Stephan's Quintet photographed by the James Webb Space Telescope

M15 (NGC 7078) is a globular cluster of magnitude 6.4, 34,000 light-years from Earth. It is a Shapley class IV cluster, which means that it is fairly rich and concentrated towards its center. M15 was discovered in 1746 by Jean-Dominique Maraldi. Pease 1 is a planetary nebula located within the globular cluster and was the first planetary nebula known to exist within a globular cluster. It has an apparent magnitude of 15.5.

NGC 7331 is a spiral galaxy located in Pegasus, 38 million light-years distant with a redshift of 0.0027. It was discovered by musician-astronomer William Herschel in 1784 and was later one of the first nebulous objects to be described as "spiral" by William Parsons. Another of Pegasus's galaxies is NGC 7742, a Type 2 Seyfert galaxy. Located at a distance of 77 million light-years with a redshift of 0.00555, it is an active galaxy with a supermassive black hole at its core. Its characteristic emission lines are produced by gas moving at high speeds around the central black hole.
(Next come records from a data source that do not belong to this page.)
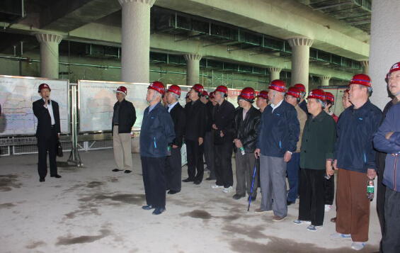 观摩团在中山广场站负一层听取了市轨道公司总经理韩春素关于石家庄地铁总体规划的介绍和中铁建投资公司常务副指挥长贾建平关于中山广场站建设情况的汇报。在轨道公司的带领下,观摩团先后参观了中山广场站负一层、负二层、负三层的施工现场。在参观过程中,能不时听到老干部们的赞叹之声。其中,观摩团一位最高龄87岁的人大代表赞叹到:“这是多么宏伟的工程!”而另一位同龄老人家同时也感叹地说:“没想到还能坐到石家庄人民自己的地铁!”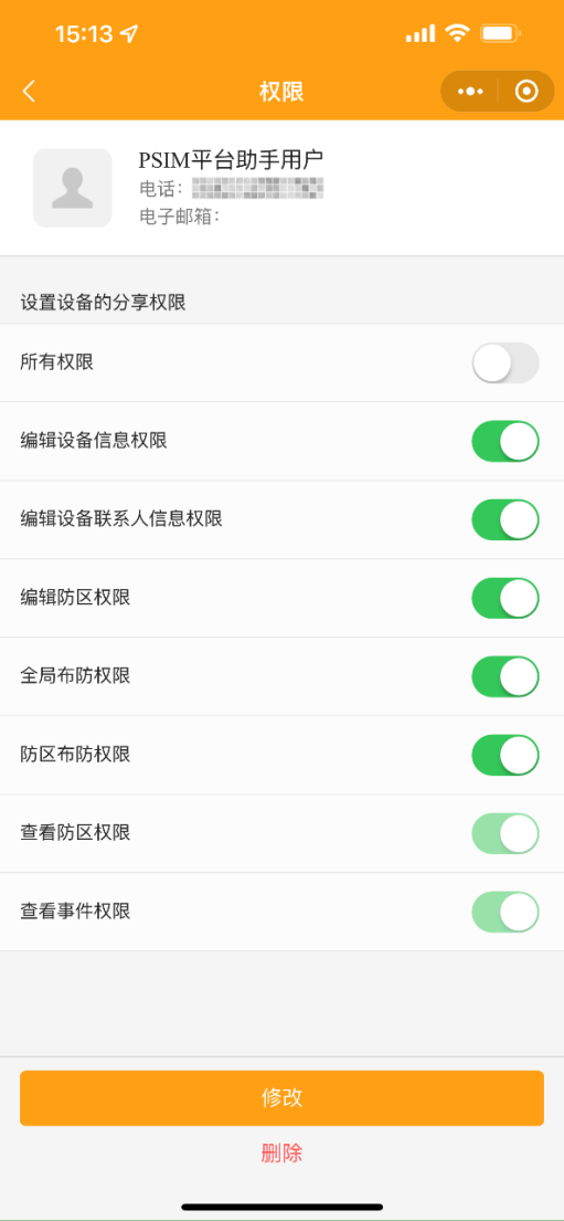 1.3 查看分享的用戶:點擊進入權限界面,查看分享的用戶列表。點擊一個用戶進入權限界面,修改或刪除該用戶權限。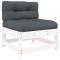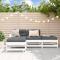 Salon de jardin 4 pcs avec coussins blanc bois massifCe salon de jardin en bois, qui se démarque par son design à lattes et ses coussins moelleux, sera un excellent supplément à votre jardin, patio ou terrasse pour profiter d'un moment agréable avec votre famille ou vos amis. Bois de pin massif : le bois de pin massif est un matériau naturel magnifique. Le bois de pin a un grain droit et les noeuds donnent au matériau son aspect caractéristique et rustique.Cadre robuste et stable : le cadre en bois rend l'ensemble de salon robuste et stable pour une utilisation quotidienne à l'extérieur.Expérience d'assise confortable : le dossier et l'accoudoir ajoutent un confort d'assise supplémentaire à l'ensemble de meubles de jardin. De plus, les coussins bien rembourrés vous permettent de vous asseoir confortablement.Design modulaire : le canapé est flexible et facile à déplacer. Vous pouvez le combiner avec d'autres segments modulaires de la boutique en ligne pour créer vos propres configurations de salon de jardin ! Bon à savoir :Pour que vos meubles d'extérieur restent beaux, nous vous recommandons de les protéger avec une housse imperméable. Maximum 110 kg par siège.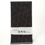 角帯 正絹 -27B- 双流 よろけ縞/独鈷/七宝 黒/赤 博多織 絹100%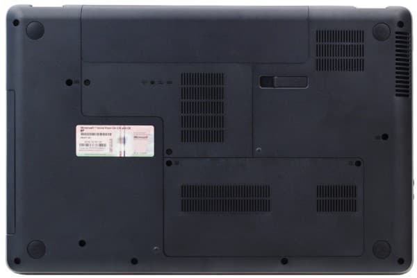 Дно ноутбука плоское, основные вентиляционные решетки располагаются по центру, поэтому его вполне можно класть на колени, позаботившись лишь о том, чтобы не была перекрыта решетка в верхнем углу, где располагается основной вентилятор.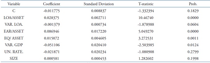 The accounting variables of the model are endogenous in nature. However, their inclusion is absolutely necessary, since the loan loss provision is by its nature, influenced by accounting factors, such as accounts receivables, earnings and shareholders’ equity capital. These variables end up functioning as control variables, helping to capture more adequately the relationship between the dependent variable and the independent critical variables of the study (GDP and unemployment).
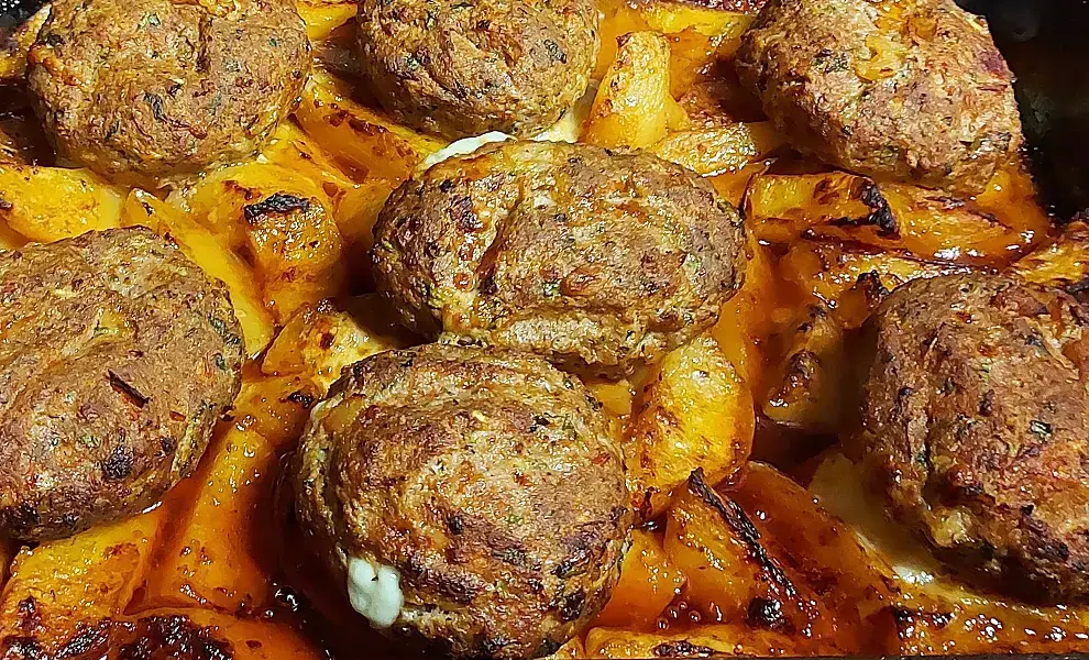 Приготовьте воздушные бифтеки, начинённые сыром и запечённые в духовке с картофелем в томатно-апельсиновом соке. Сочные котлеты пропитываются ароматами специй и цитрусовых, в результате блюдо получается удивительно насыщенным.
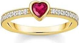 Solitärring mit rotem Stein in Herzschliff Silber 925 Sterlingsilber, 750 Gelbgold Vergoldung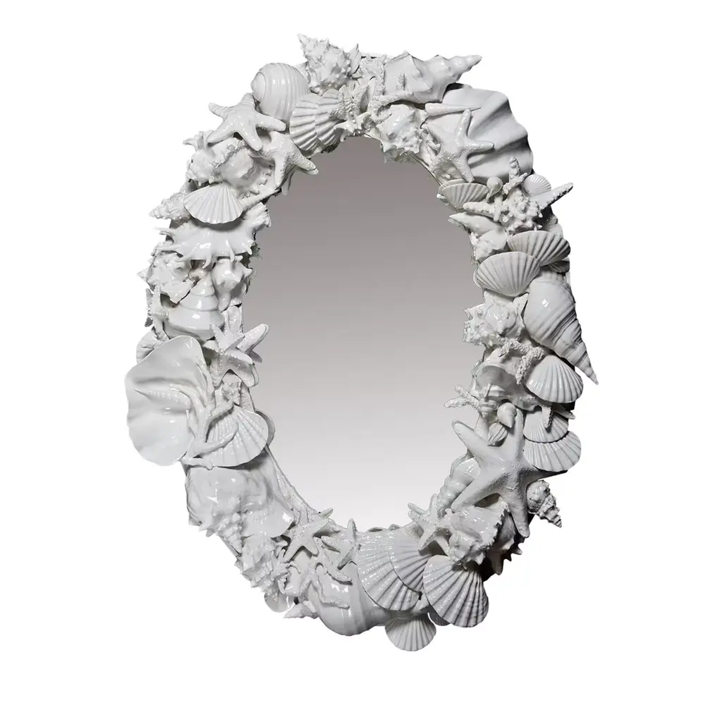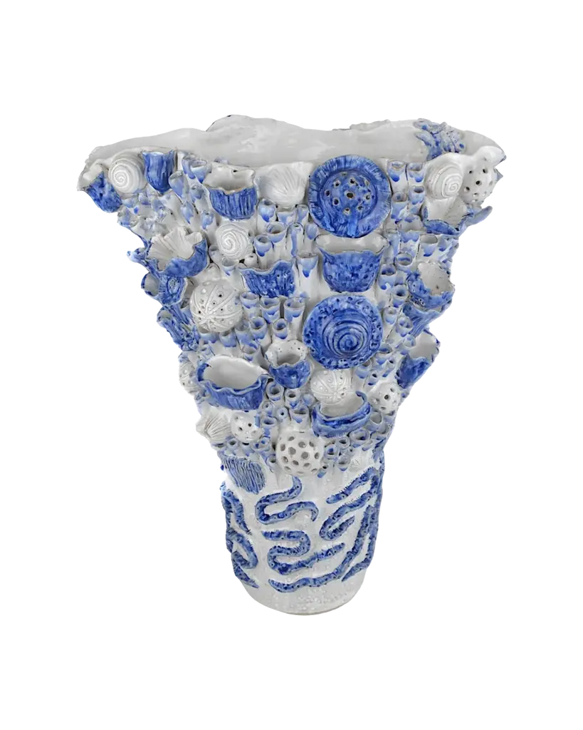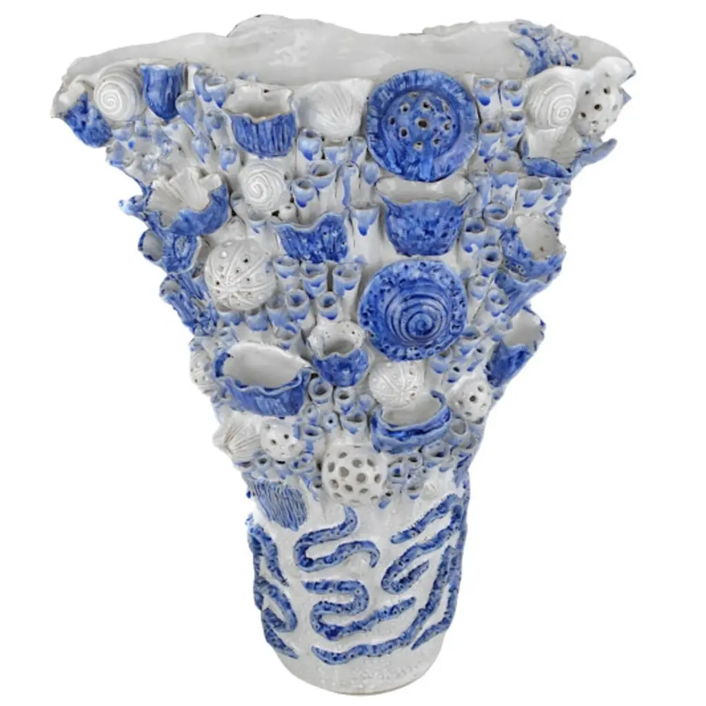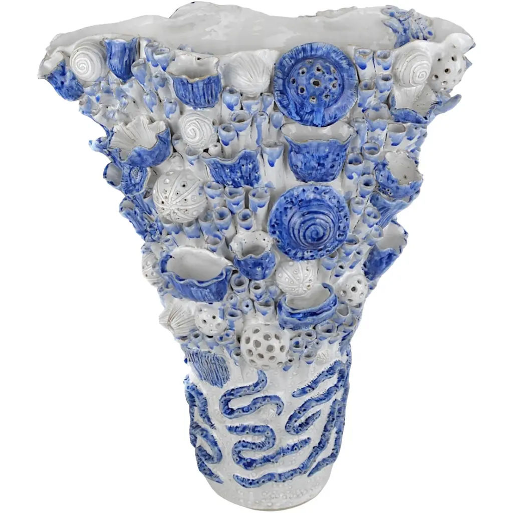 A triumph of sea shells and starfish dotted with vibrant coral branches extensively covers this vase fashioned of fine white ceramic. Actualization of an original design by Antonio Fullin, it serves as a marvelous solution for displaying flower on sideboards, consoles, or tables in seaside homes. Its rich aesthetic impact suggests it a purely decorative piece.

Pegasus is also noted for its more unusual galaxies and exotic objects. Einstein's Cross is a quasar that has been lensed by a foreground galaxy. The elliptical galaxy is 400 million light-years away with a redshift of 0.0394, but the quasar is 8 billion light-years away. The lensed quasar resembles a cross because the gravitational force of the foreground galaxy on its light creates four images of the quasar. Stephan's Quintet is another unique object located in Pegasus. It is a cluster of five galaxies at a distance of 300 million light-years and a redshift of 0.0215. First discovered by Édouard Stephan, a Frenchman, in 1877, the Quintet is unique for its interacting galaxies. Two of the galaxies in the middle of the group have clearly moms to collide, sparking massive bursts of star formation and drawing off long "tails" of stars. Astronomers have predicted that all five galaxies may eventually merge into one large elliptical galaxy.

==Namesakes==
USS Pegasus (AK-48) and USS Pegasus (PHM-1) are United States navy ships named after the constellation "Pegasus".

The Beyblade top Storm Pegasus 105RF and its evolutions Galaxy Pegasus W105R2F and Cosmic Pegasus F:D are based on Pegasus constellation.

Pegasus Seiya, main character from the manga and anime Saint Seiya, was named after the constellation Pegasus.